[What is being asked]
Repeat the data exactly, leaving out any image.

[Dataset excerpt]
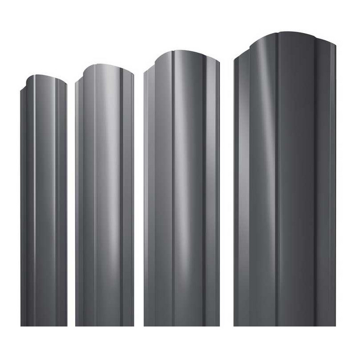 Штакетник Полукруглый Slim фигурный Grand Line 0,5 GreenCoat Pural BT, matt RR 23 Темно-Серый
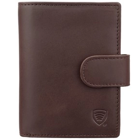 Kožená vertikální peněženka RFID se zapínáním (hnědá)
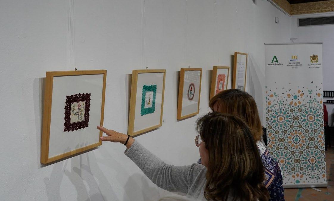 Durante la inauguración de la exposición, se pudo visitar el taller donde habitualmente trabajan de lunes a jueves las bordadoras de la Asociación de Mujeres ‘Entre Mantones y Sedas’. En la foto Nouhaila muestra su trabajo de bordado en seda a Esperanza R. Labrador, del colectivo Tejedoras del Muelle de la Sal.
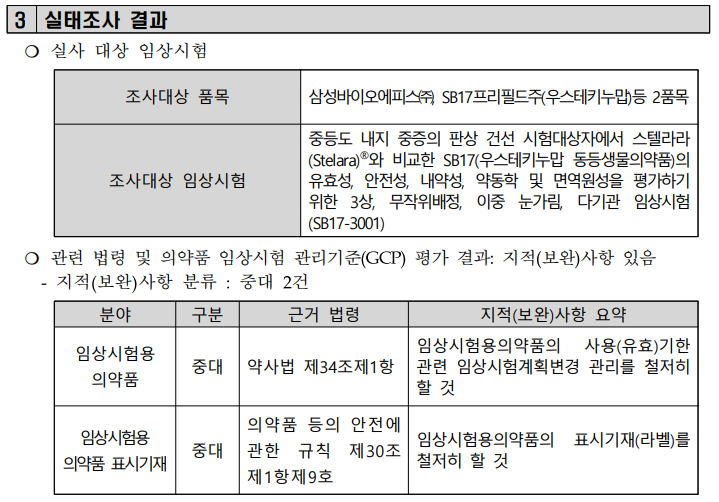 (품목) 삼성바이오에피스㈜, SB17프리필드주(우스테키누맙)등 2품목-의뢰자

[Task output]
 Штакетник Полукруглый Slim фигурный Grand Line 0,5 GreenCoat Pural BT, matt RR 23 Темно-Серый
 Kožená vertikální peněženka RFID se zapínáním (hnědá)
 Durante la inauguración de la exposición, se pudo visitar el taller donde habitualmente trabajan de lunes a jueves las bordadoras de la Asociación de Mujeres ‘Entre Mantones y Sedas’. En la foto Nouhaila muestra su trabajo de bordado en seda a Esperanza R. Labrador, del colectivo Tejedoras del Muelle de la Sal.
 (품목) 삼성바이오에피스㈜, SB17프리필드주(우스테키누맙)등 2품목-의뢰자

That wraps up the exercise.